Well, I have had more traffic in here than when I blasted the American inaction with the Katrina victims. What does that say about us?

I pulled Christopher's name. Not because Holly emailed me twice this morning (and again from her blackberry, requesting I no longer post her responses.) No. I did this for Christopher's wife. She does not deserve any more heartache than what I have already caused her.

But I do have to ask ... and so do a few others... why on earth was Holly so interested in Christopher that she was googling him? This seems to be the million dollar question.

The purpose of the exercise is complete. Now I feel hungover and worn out. And fuck... I can hear Katydids in my head.

My god. What an amazing, powerful and omnipotent power this has over us.

G.

August 11, 2008

Beauty in the Breakdown

Oh how we, as humble human beings, love drama. It seems my post has received some attention because I posted Christopher's name. Does everyone not see this was intentional?
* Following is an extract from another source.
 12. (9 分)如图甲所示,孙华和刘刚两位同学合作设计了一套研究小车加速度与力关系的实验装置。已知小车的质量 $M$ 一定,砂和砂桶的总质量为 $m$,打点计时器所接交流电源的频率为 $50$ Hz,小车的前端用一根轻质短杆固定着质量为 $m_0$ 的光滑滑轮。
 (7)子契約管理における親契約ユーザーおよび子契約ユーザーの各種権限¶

Holly S. wrote me to tell me the following:

G,

You dont know me but I came across your blog about an affair you had with Chris. You are very detailed in this blog and you even have his first and last name as the title. I think just out of consideration for him and his family it would be best if you remove his name from the title of your blog. I am a freind of Chris's and I know he is a good person and does not deserve to have his personal affairs exposed to all on the internet. I would sincerely appreciate you doing this just so noone one runs across this again. I understand you were just expressing yourself but I noticed you named your current boyfriend J. and did not show his full name but you did not do the same for Chris. You went as far as to his full name and where he lives ****** That is pretty obvious. Not a whole lot of Chris F's reside here in Memphis. That is exposing something very personal and hurtful. I was shocked when I came across it and I am sure his family would be too.

Thank you,
H

Knowing me as you do now, you know that I could not stay still... but had to respond. I am a woman of words.... and I think my response says it all.
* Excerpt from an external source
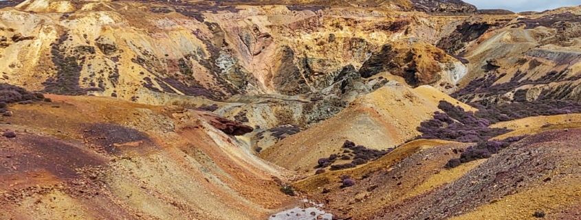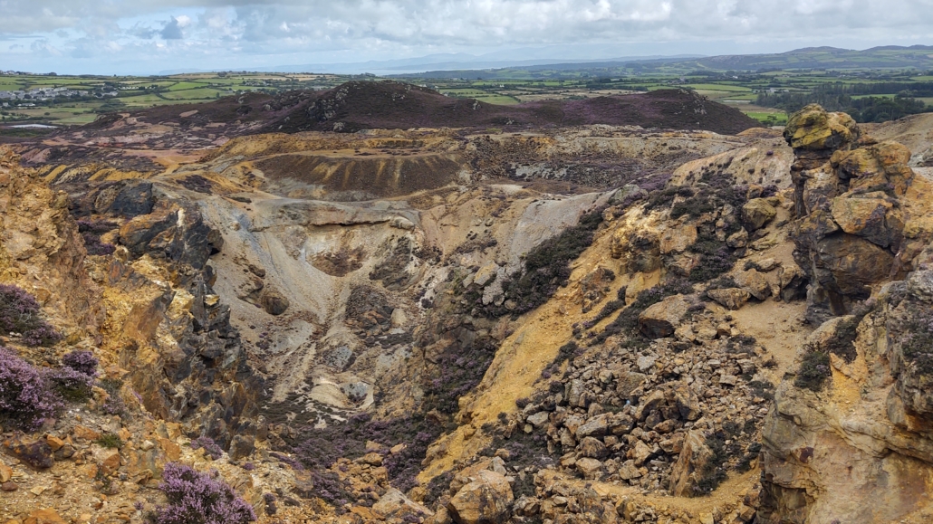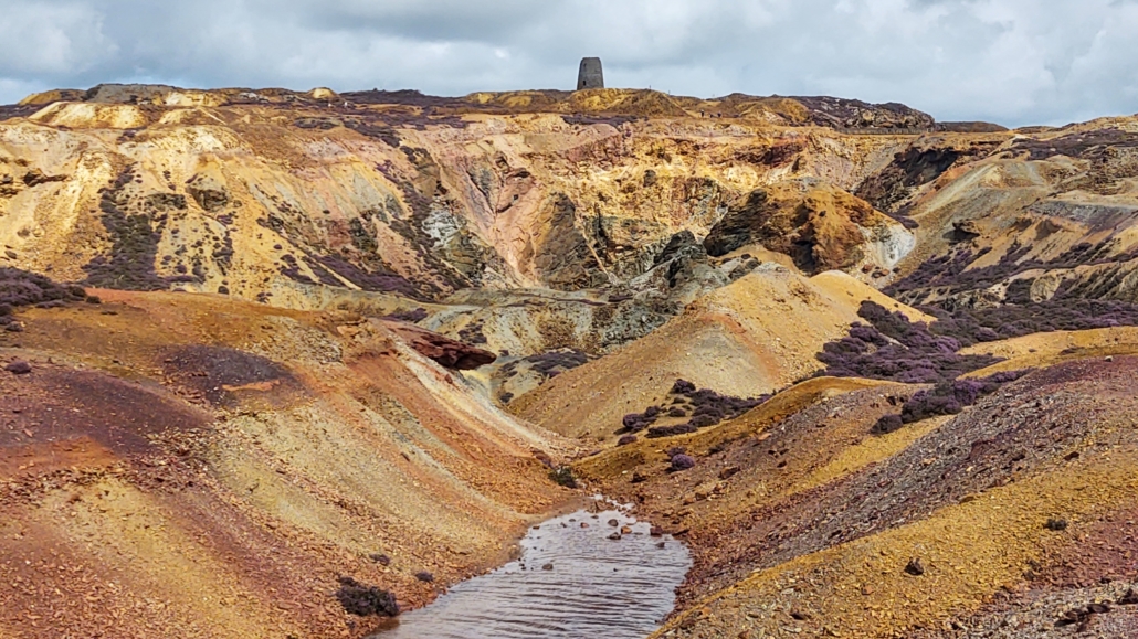 The mountain is a mountain in name only. It’s only 147m high, so falls well short of the 610m height requirement. It’s a big hill though. At least it was, until the miners got at it starting in the 1860s and tore it apart for the copper, sulphur and other useful stuff locked in the rock. It closed in 1936 and today there’s no noise or fumes to detract from the incredible Mars-scape left behind. Great swathes of multi-coloured rock stand piled around huge excavations in the ground. If it wasn’t for the purple heather blossoming across the site (the acidity of the rock means nothing else grows), and we could have easily imagined ourselves on another world.

I appreciate your writing me to voice your concerns. Part of why I posted his name in this way was to reach out.

I am not sure if you have experienced the kind of loss Christopher and I went through... I hope not. But there is always this lingering question... "Is he ok?" We did a horrible number on ourselves and those that we loved. I am not attempting to hurt anyone further, but instead... this was much easier than calling him at work, correct? I think if you read the post with an open mind, you might understand that this is not a post about Christopher so much as about me.
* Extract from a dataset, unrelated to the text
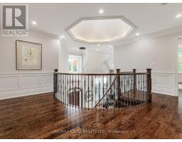 A timeless custom-built masterpiece in prestigious South Richvale, one of Richmond Hill's most desirable neighbourhoods. Set on a premium 75 ft 148 ft lot, this elegant home offers over 6,800 sq.ft. of refined living space with 10 ft ceilings on the main floor and 9 ft ceilings on the second floor and basement, blending classic architecture with modern comfort.The grand 20 ft foyer welcomes you with Italian marble flooring, a dazzling crystal chandelier, and an octagonal dome skylight with LED cove lighting. Flowing from the foyer, the living room features hardwood flooring, soaring ceilings, and a striking two-storey stone feature wall that radiates warmth and sophistication.The formal dining room shines with hardwood floors, pot lights, and a detailed coffered ceiling - perfect for elegant gatherings. The family room is spacious and inviting, with a waffle ceiling, fireplace, and custom built-in shelving - a perfect place to relax or entertain. The office, quietly positioned nearby, includes custom cabinetry and a walkout to the patio, offering an ideal setting for work or study.The gourmet kitchen stands at the heart of the home, showcasing a large center island, sleek cabinetry, and premium built-in stainless steel appliances. A bright breakfast area opens to a custom wood deck, seamlessly connecting indoor and outdoor living.Upstairs, the primary suite is a true retreat, featuring a spa-inspired 7-piece ensuite and a custom walk-in closet. A second ensuite bedroom provides privacy and comfort, while two additional bedrooms share a semi-ensuite, each enhanced with pot lights and organized closets.The finished walk-up basement offers a home theatre, custom wet bar, fitness room, and nanny/guest suite. Professionally landscaped front and side yards complete this exceptional residence, where timeless design and fine craftsmanship define the essence of luxury living. (id:50886)

He and I both know that there is no going back. You would understand, if you have lost someone.

Nothing is accidental. I was reaching out into the dark looking for information. And look what I found. You. But it's unfortunate that you hold judgement in your heart. Act shocked all you like, it was not a secret then.... and even though we all have pushed what happened into the past, none of us has forgotten. And hurtful is not the intention.

It's the truth. And the truth can be ugly and beautiful. It's all about perspective.

Perhaps you will have the courage to tell him some crazy Canadian posted in an anonymous blog about him. If you do, congratulate him on the birth of his second child for me. And tell him I am ok with things the way they are. That there should be no shame, what does not kill us makes us deeper, richer. That being awake is wondrous. And so is moving on.

Or did you miss that part in the blog? The part where I commend him with rebuilding his marriage. His wife is an amazing and forgiving woman. Oh wait... you judged me without reading past the "affair" part. Did you read that my own marriage ended? Did you go further back in the blog to discover that J. is not just a "boyfriend" but my life partner?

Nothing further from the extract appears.